Btune is a dynamic plugin for Blosc2 that assists in finding the optimal combination of compression parameters. It works by training a neural network on your most representative datasets.

By default, this software uses a genetic algorithm to test different combinations of compression parameters that meet your requirements for both compression ratio and speed for every chunk in the dataset. It assigns a score to each combination and, after a number of iterations, the software stops and uses the best score (minimal value) found for the rest of the dataset. For more info and a graphical visualization, visit https://btune.blosc.org.

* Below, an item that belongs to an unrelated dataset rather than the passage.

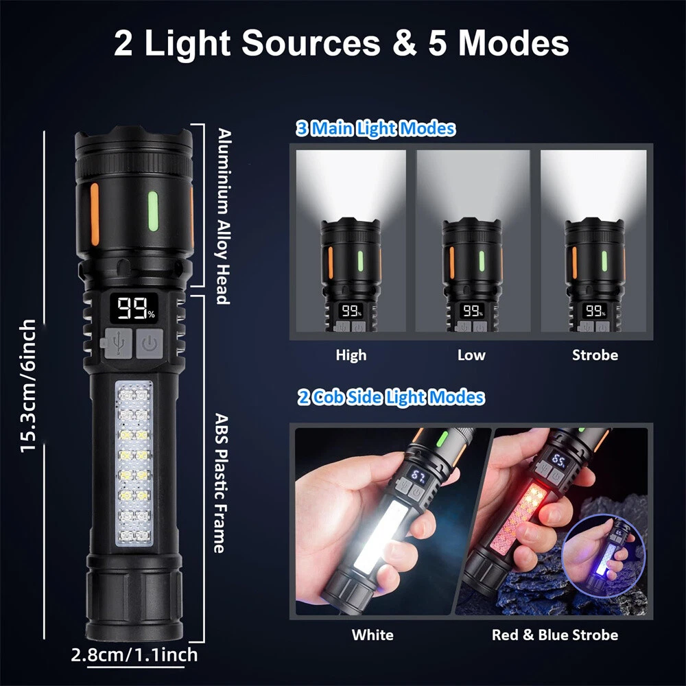 Product Description Description : Super Bright Rechargeable Flashlight: Equipped with upgraded efficient laser Chip LED chips, the rechargeable flashlight emits a stable and super bright lighting. Since the light penetration is stronger than other same-level lamp beads', its beam can pass through dust and fog well, especially suitable for foggy and rainy days with low visibility. 5 Light Modes & Zoomable Focus: There are 5 modes of the rechargeable flashlight: High / Low / Strobe for the main light, and White / Red&Blue Strobe for the COB side light. Equipped with zoomable head, the small rechargeable flashlight high lumens can emit a powerful focused lighting and an extensive extended lighting by adjusting the light head. Fast Charging & Power Indicator: Built-in a rechargeable lithium-ion battery and equipped with more energy-efficient chips, the rechargeable flashlight battery powered working time is up to 7 hours with the low mode. The USB C fast charging input achieves 30% reduction in charging time. It can be charged by power bank, USB plug, etc, with the USB C charging cable. You can clearly see the remaining power at the digital power indicator. IPX6 Waterproof: This flashlight head adopts the high grade black aluminium alloy, and the frame adopts the ABS plastic. The waterproof grade of this flash light reaches IPX6 Waterproof. This rechargeable flashlight is non-slip, shockproof, waterproof, rainproof, dustproof. It can work well in severe outdoor weather conditions, such as rain and snow. It is an ideal outdoor handheld flashlight for working, hiking, camping, repairing, hunting, and Sogidon fishing. Easy to Carry: Led flashlight is equipped with lanyard and pocket clip, which can be hung on your wrist or attach to your pocket , backpack shoulder strap, hat and belt. As its compact design, you carry this small handheld flashlight in your pocket or the car glove compartment. Specification : Product Type: Flashlight Color: Black Weight: 180g Waterproof: IPX6 Working Time: 4-7hrs Charging Time: 3.5-5hrs Material: Aluminum, Plastic Battery Capacity: 3000mAh Power Source: ‎ Battery Powered Charging Method: Type-C Charging Size: 15.3*3.5*2.8cm / 6.02*1.38*1.1inch Lighting Mode: 5 Modes(High / Low / Strobe for the main light; White / Red&Blue Strobe for the COB Side Light) Package Included: 1 x Flashlight 1 x USB Cable Note: Due to the different monitor and light effect, the actual color of the item might be slightly different from the color showed on the pictures. Thank you! Please allow 1-2cm measuring deviation due to manual measurement. Payment Shipping Returns Contact Us 1. This is the payment method we can accept: Paypal 2. You can checkout and pay immediately after the auction ends or you complete the purchases. If you need an eBay invoice sent to you by Email, please contact us before making payments. 3. Once the checkout is completed, you will not be able to include any additional purchases. We start to process and fulfill your order once payment is received. New purchases after the checkout will be processed separately. 4. Payments are expected within 4 days after the order is confirmed. Unpaid item (UPI) strike may be filed with eBay upon non-receipt of payment. 1. How much is the shipping & handling (S&H)? Our shipping and handling charges are clearly stated in the Shipping and Payments section of the item page, and we provide Free Shipping for most items. 2. For multiple purchases, the combine shipping discount will be automatically calculated when you check out and pay all of your purchases together. Items checked out separately may not be combined and the combine shipping discount will not be offered automatically. 3. Please make sure the correct Ship-To address is entered before checking out. Once the payment is completed, you may not be able to change the shipping address. We shall not be held responsible for any wrong or undeliverable addresses. 4. We usually ship within 1-2 business days of receiving cleared payment. 1. We put buyer's satisfaction at top priority. If you're not pleased with your purchases, we'll be happy to make an exchange or refund the item total price less Shipping and Handling (S&H) charges within 30 days of your purchases. 2. For any Exchange, Refund or Return, the item must be in its original condition, including the box, packaging, and all the accessories or gifts. 3. We'll provide prepaid return shipping label if the return is a result of our error. Postage reimbursement is offered only on standard mails, and it needs to be approved by our staff prior to returning. 4. Please allow up to 7 business days for returns to be processed. 5. Shipping and Handling (S&H) charges are not refundable. 1. Customer satisfaction is very important to us and our feedback rating reflects this satisfaction. If you have any question or concern, please contact us via eBay message. 2. We respond to all eBay messages as quickly as possible. Though your question will usually be answered very soon, please allow us up to one business day before you start thinking your message is neglected or the reply is avoided, because there would be time difference, non-working hours or public holidays that have prevented us from making an instant response. Payment 1. This is the payment method we can accept: Paypal 2. You can checkout and pay immediately after the auction ends or you complete the purchases. If you need an eBay invoice sent to you by Email, please contact us before making payments. 3. Once the checkout is completed, you will not be able to include any additional purchases. We start to process and fulfill your order once payment is received. New purchases after the checkout will be processed separately. 4. Payments are expected within 4 days after the order is confirmed. Unpaid item (UPI) strike may be filed with eBay upon non-receipt of payment. Shipping 1. How much is the shipping & handling (S&H)? Our shipping and handling charges are clearly stated in the Shi

The process of finding optimal compression parameters in Blosc2 can be slow because of the large number of combinations of compression parameters (codec, compression level, filter, split mode, number of threads, etc.). This can require a significant amount of trial and error to find the best combinations. However, you can significantly accelerate this process by training a neural network on your own datasets.

To begin the training process, provide your datasets to the Blosc Development Team. We will then perform the training and provide neural network models tailored to your needs, along with general tuning advice for Blosc2. In exchange, we request financial contributions to the project.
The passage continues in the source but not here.